Стихи
Опубликовано в журнале Дружба Народов, номер 1, 2007
* * *
Девушка пела в церковном хоре…
А.Блок
А город назывался Балчик,
на окнах там герань цвела,
и ключ от храма вынес мальчик
(чудны, Господь, твои дела!).
Был храм как храм: высок и беден,
и в нём народ — и стар, и мал.
Но не служили в нём обеден —
там нынче был концертный зал.
И я себе сказала: “Вона
Как обернулось ремесло!
Свои стихи читать с амвона —
ведь это… просто повезло!..”
И, от восторга холодея,
я вышла в зал из алтаря
и знала я — и кто, и где я,
и то, что жизнь моя не зря…
И за стеной шумело море,
был, словно небо, потолок,
и я в незримом пела хоре,
который видел только Блок.
* * *
Выйдет женщина из переулка,
и подсветят её фонари:
малахитовая шкатулка,
у которой вторая внутри.
Бескорыстна — и падка до денег,
хороша и в прикиде и без,
а мужчина — он вечно, как Дельвиг, —
близорукий и видит в обрез.
Видит только одно — что красива,
что ключицы и плечи остры,
и не видит, какие в ней силы,
и не видит, какие костры.
Хоть убей, видит тонкую руку
и упорно не видит кольца,
видит в женщине мать и подругу,
дурачок, и не видит бойца.
Что с улыбкой кушает Wispy
и со смехом шампанское пьёт,
но войдёт и в горящую избу
и за Тару, не дрогнув, убьёт.
* * *
Стихи нужны не сами по себе,
а как дорога или как ступени.
Стоят деревья в строгом серебре,
как будто бы кого-нибудь отпели.
Зимой у нас всегда такая стынь,
что не холмом лежит земля, а горсткой.
…Стихи приводят в храм иль в монастырь:
мужчин — в мужской.
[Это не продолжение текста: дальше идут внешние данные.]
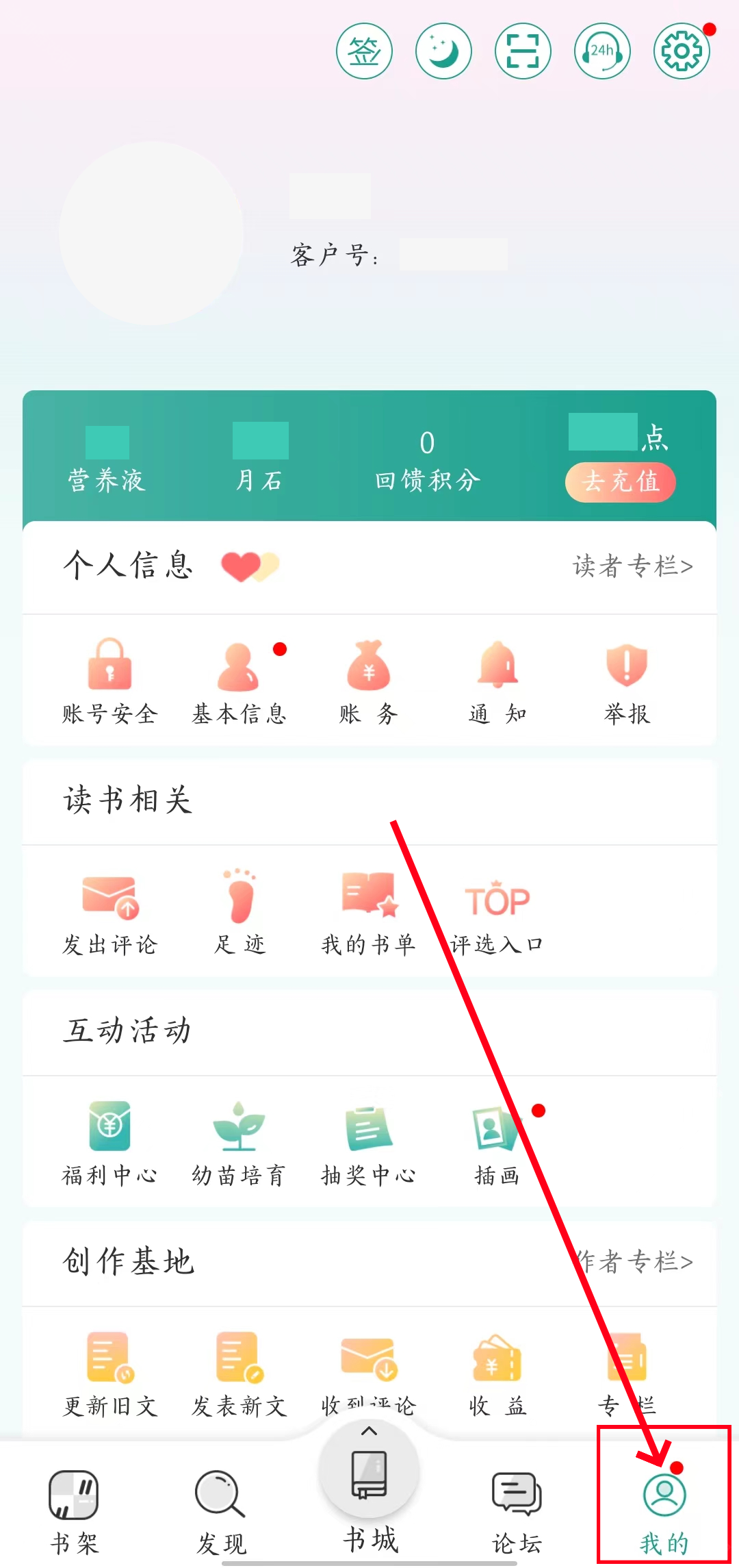 1、首先打开晋江小说阅读,点击右下角【我的】。

К примеру, Святогорский.
* * *
Мне у ног Твоих, Господи, было сидеть недосуг,
вечно я то латала, то шила, то штопала…
Не хватало мне в сутках часов, не хватало мне рук,
но слова Твои я повторяла в трудах моих шепотом.
Повторяла, когда бесконечные мыла полы,
повторяла, когда обмывала умершего брата я,
и тогда мне не сутки — столетия были малы
и мой дом был мне крест, на котором была я распятая.
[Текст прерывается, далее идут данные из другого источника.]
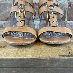Coach Womens T Strap Sandals Stiletto Leather Tan Size 9.5 B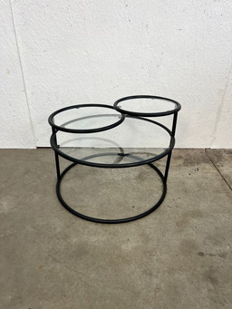 Vintage-Couchtisch / Drehtisch, Metallgestell mit Glasplatte, Niederlande, 1970er Jahre

И устала я так, век за веком держа этот дом,
дом, в котором я каждую щёлку и угол излазала,
что, когда Ты придёшь, я в углу буду спать мёртвым сном
и меня разбудить тяжелей Тебе будет, чем Лазаря.
* * *
Да, египтяне знали своё дело:
художник тот, кто снова жизнь творит,
они недаром сохраняли тело
и сочиняли тексты пирамид.
И неотступно думая о смерти,
они её хотели превозмочь.
Попытка эта есть и в Сенусерте,
и в Нефертити,что ласкает дочь.
Флейтистки, танцовщицы, акробатки
и те, кто сеет хлеб и ловит рыб,
их лица, руки, бёдра и лопатки,
как будто крик: “Спасите!” — из-под глыб.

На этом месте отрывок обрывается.